What is so incredible about this tool is that we are finally able to understand more about why population studies in nutrition are constantly conflicting. You can fine-tune every part of your biochemistry for more energy, strength, power, and endurance by understanding where your higher needs are, and potential sensitivities lie.

Genetics enables us to move into the world of personalized medicine, where we can focus on the individual and move away from sweeping generalized recommendations.

Genetics and Your VO2 Max

People who have a heterozygous or homozygous variant in the PPARGC1A gene in the Nutrition Genome Report have a VO2 max (maximum oxygen capacity) that is 20-50% lower. Ashwagandha and eleuthero root are two adaptogens that have been proven to increase VO2 max. But what about cold water?

Athletes are constantly trying to improve their VO2 max and cold exposure may be a way to do it. Since the mitochondria (the powerhouse of the cell) are what give us the ability to use oxygen in order to produce cellular energy, the more we have the more aerobic potential we can obtain. Cold exposure activates the PPARGC1A gene, which makes more mitochondria in the muscle.

One study had men immerse one leg in cold water at 50°F (10°C) for 15 minutes, 3 times a week for four weeks after running while the other leg served as a control. Researchers discovered that the cold water leg had an increase in the number of mitochondria in the muscle tissue.

In another study, 9 well-trained runners performed three repetitions of a simulated trail run on a motorized treadmill, designed to induce muscle damage. Three different recovery modalities (whole body cryotherapy, far infrared or passive modalities) were used in random order immediately post-run, 24 hours and 48 hours after exercise. The whole body cryotherapy was most effective, with a 20% increase in speed and power up to two days later.

Genetics, Collagen Production and Injury Risk

Let’s take a look at just one gene for collagen. COL1A1 produces alpha 1 chain of type I collagen, a major protein in tendons and ligaments. According to this study, the gene encoding for the alpha1 chain of type I collagen (COL1A1) has been shown to be associated with cruciate ligament ruptures and shoulder dislocations.

ACL ruptures are considered the most severe injury sustained in sports. The T variant produces more COL1A1. Two TT’s reduced risk of ACL rupture by ten times, while only 5% have two TT’s. Consider the following from a Stanford lecture on injuries:

  • Approximately 30-75% of runners and 50-75% of triathletes are injured each year.
  • 159 MLB players injured in 2013, costing 602 million in salaries (18.9% of total MLB payroll).
  • 100,000-250,000 ACL reconstructions per year costing 1.7-6.25 billion in direct healthcare costs.
  • 75% of the track team at Stanford gets injured.

How to Epigenetically Improve Gene Function

Let’s say you have the homozygous CC genotype that requires a much higher collagen intake. This means that vitamin C, lysine, glycine and proline may be required in higher amounts in those with poor collagen production and injury recovery, which is a large percentage of the population.

In fact, a rat study found that high-dose vitamin C accelerated the healing of the Achilles’ tendon. This information could also have implications for the heart, kidney and liver health, and the repair of blood vessels, bruises, and broken bones.

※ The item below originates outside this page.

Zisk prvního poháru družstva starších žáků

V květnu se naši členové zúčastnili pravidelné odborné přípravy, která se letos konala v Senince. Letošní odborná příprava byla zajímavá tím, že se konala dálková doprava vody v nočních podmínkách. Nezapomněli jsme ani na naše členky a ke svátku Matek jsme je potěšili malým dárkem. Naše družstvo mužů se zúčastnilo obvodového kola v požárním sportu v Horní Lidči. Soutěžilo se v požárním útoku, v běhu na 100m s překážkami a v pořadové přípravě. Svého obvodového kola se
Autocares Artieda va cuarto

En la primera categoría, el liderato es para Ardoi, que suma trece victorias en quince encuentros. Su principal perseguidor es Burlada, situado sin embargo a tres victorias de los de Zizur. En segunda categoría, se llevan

I had COL1A1 tested myself, and I have two CC’s putting me at the highest probability of muscle and tendon injuries. And I have had a LOT of these types of injuries, including tearing ligaments and tendons in my ankle that stopped my baseball career, and muscle tears in my back that took 2 years to recover from.

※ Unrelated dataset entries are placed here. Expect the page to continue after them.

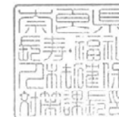
長寿・福祉人材確保対策課 長印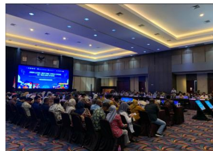
Suasana Rapat HLM yang bertempat di Ballroom Hotel Bella Ternate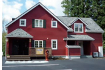
[建築条件付宅地]価格表 [16区画]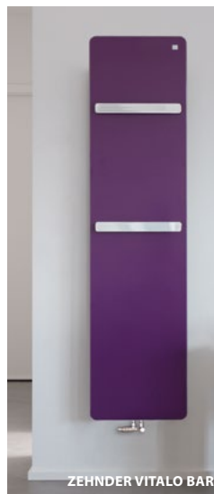
ZEHNDER VITALO BAR

Aprobaty i certyfikaty: komplet dokumentów dopuszczających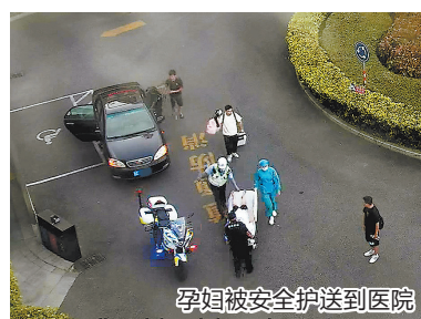
孕妇被安全护送到医院

交警三中队立即安排“铁骑”队员与求助者取得联系,并与车辆驾驶人约定在社马路季延灯控处汇合。18时10分许,与求助者汇合后,“铁骑”队员随即驾驶警用摩托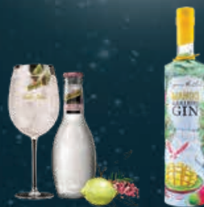
TONIC & PINK PEPPER mixed with COPPER IN THE CLOUDS MANGO & BLACK PEPPER GIN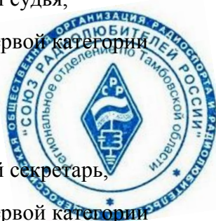
А.Г. Кожевников (UA3RF)

Главный спортивный судья, спортивный судья первой категории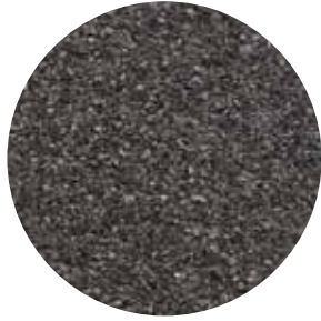
Fine mineral black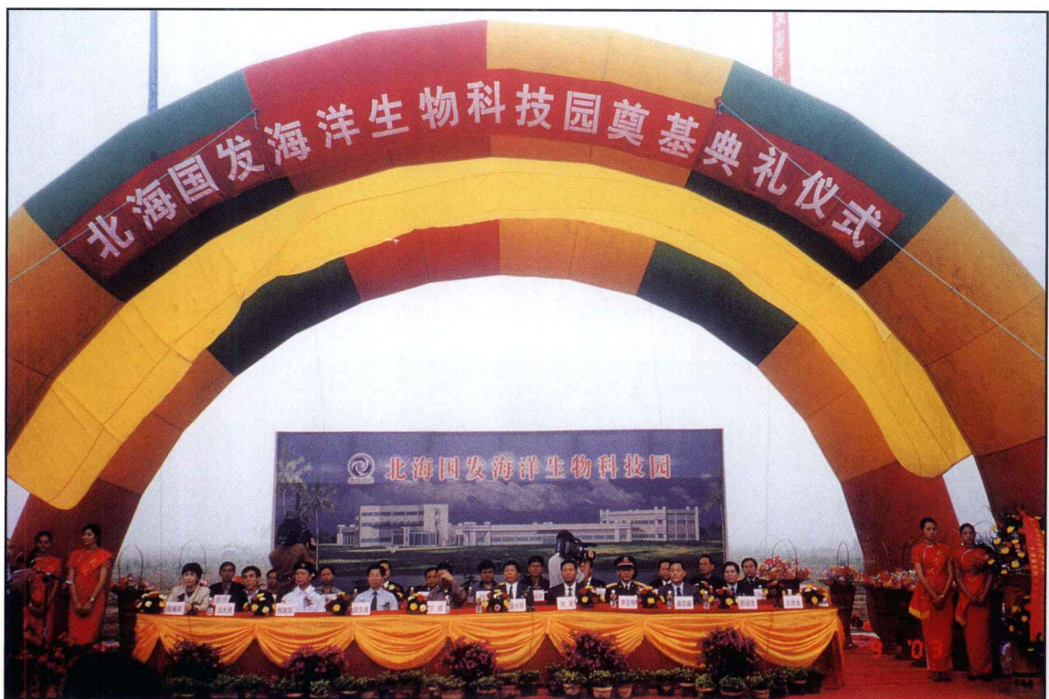
北海国发海洋生物科技园奠基礼仪式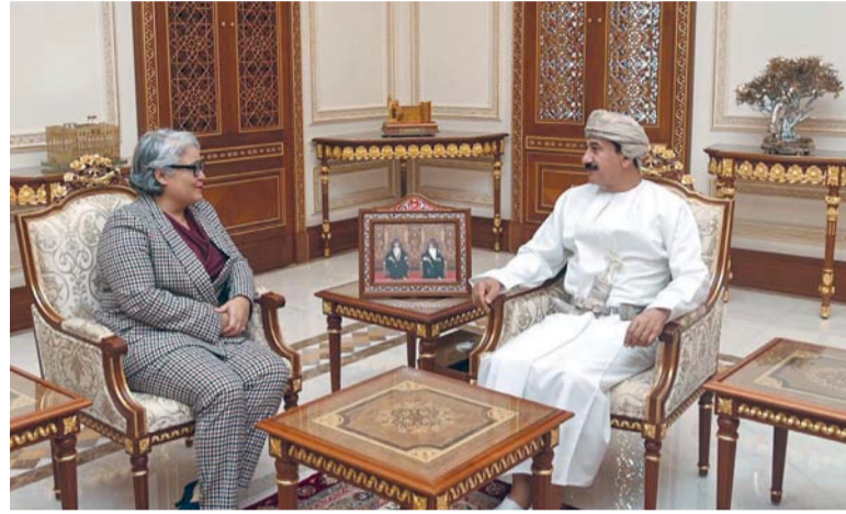
سلطان العُماني أثناء استقباله أنا إسكروهيما

مسقط. العُمانيّة: استقبل معالي الفريق أول سلطان بن محمد العُماني وزير المكتب السلطاني بمكتبه صباح أمس سعادة أنا إسكروهيما سفيرة الولايات المتحدة الأمريكية المعتمدة لدى سلطنة عُمان. جرى خلال المقابلة استعراض العلاقات بين البلدين الصديقين ومجالات التعاون الثنائية، كما تم التطرق إلى الموضوعات الإقليمية ذات الاهتمام المشترك، من جانبها أشادت سعادة السفيرة بمتانة العلاقات التي تربط سلطنة عُمان بالولايات المتحدة الأمريكية.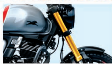
UPSIDE DOWN FRONT FORKS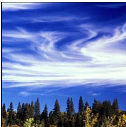
Fjærtskyer Cirrus, Ci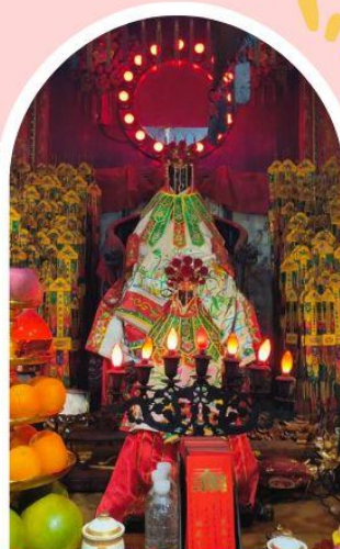
วัดเจ้าแม่กวนอิมฮ่องฮำ ขอพรเรื่องเงิน ทรัพย์สิน และความมั่งคั่ง

The Best Genetic Testing for Athletes: The Nutrition Genome Report

Imagine finding exactly what other nutrients your body requires strength, endurance, recovery and general cardiovascular health. I wrote an article about how certain nutrients can help prevent the damage and speed recovery of concussions, and now you begin to see how you can build your body to its strongest by finding where the “chinks” in your own armor are, and how to design your own Iron Man suit.

You can get this analysis done through Nutrition Genome which gives you a comprehensive 50-page report including the comprehensive cardiovascular and exercise performance section.

The Best Alternatives to Coffee

The Best Alternatives to Coffee

“I can give up anything, but don’t ask me to give up coffee.”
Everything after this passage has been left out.